Он не слушал, а так же хрипло и монотонно продолжал говорить слова, которых она не надеялась дождаться, и после короткого, судорожного вздоха умолк. "Сейчас он успокоится", — подумала Ларусик. Она помнила: иногда ему снились кошмары, и он, не открывая глаз, проводил ладонью по ее лицу — и так же, коротко всхлипнув, засыпал снова. И вправду, Лева заговорил спокойнее.

— У нас передают страшные вещи об обстрелах и разрушениях.

— Нет, — сказала она, — Иерусалим не обстреливают.

Он совершил преступную глупость, отпустив ее...

— Ничего, не мучайся, все в порядке. Я боюсь, что ты разоришься с этим разговором.

— Не разорюсь, — успокоил он, — я так давно тебя не слышал. Спроси меня о чем-нибудь!

— Как там Фоняков? — глупо спросила она.

— Фоняков? Да никак, — удивился он.

— А Синяков?

— Нормально, работаем. Теперь я спрошу: ты Жору видишь? Процветает наш деловой человек?

— Каждый день вижу, он рядом живет. У него все нормально, он теперь экстрасенс.

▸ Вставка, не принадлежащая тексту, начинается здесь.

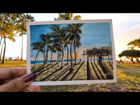 Waikiki sunset beach park watercolor painting 5x7 inch

— Ах, вот как? Я не знал, что вы рядом живете. А экстрасенс — это теперь в моде, — холодно сказал Лева. — Знаешь, когда все утрясется, я, возможно, приеду в Израиль.

— Неужели "солнце встает на Западе", Лева?

— Солнце? — он вспомнил, рассмеялся, — Нет, Ларусик, оно на востоке, без вариантов. Но мы собираемся послать в Израиль делегацию для ознакомления с капельным методом орошения.

— У вас же болота кругом! — изумилась она.

— Этот метод может представлять определенный интерес, — с мягкой раздумчивостью сказал Лева. — Когда утрясется с оформлением, я тебе сообщу, жди.

Ларусик наизусть знала все интонации Левы и поняла, как он изменился за это время. Вальяжный голос, бархатный тембр... А может, ей просто показалось?

Жора, услышав про капельное орошение, тоже удивился.

— Приедет с делегацией? Что же, это теперь в моде. Жди.

Ларусика поразило, что он сказал это с тем же холодным отчуждением, с каким Лева говорил о нем.

Лева приедет! Боже мой, откуда у нее взялась эта головокружительная уверенность в себе? Но вдруг всплывал в памяти бархатный голос — и капельное орошение. Настроение сразу падало.

Ларусик вошла в комнату и увидела Симу и Жору, сидящих с выражением сдержанной скорби на лицах. Сима, как героиня мелодрамы, комкала носовой платок.

— Поешь, Ларусик, ты сначала поешь, — голосом гипнотизера сказал Жора.

— Что? Что случилось?

— Ничего, просто Лева звонил, — так же монотонно и успокоительно продолжал Жора. — Видишь ли, он не едет. То есть едет, но не сюда. Дай ей борща, борщ остывает... Они летят в Аргентину, знакомиться с тамошним животноводством. А в Израиль он не собирается, капельное орошение отпало. Там же болота кругом, — с облегчением закончил Жора.

Сима горестно закивала над тарелкой с борщом. Ларусик принялась есть. И вдруг откинулась, едва не опрокинув стул, захлебываясь, кренясь на сторону от смеха. Сима неуверенно вторила ей.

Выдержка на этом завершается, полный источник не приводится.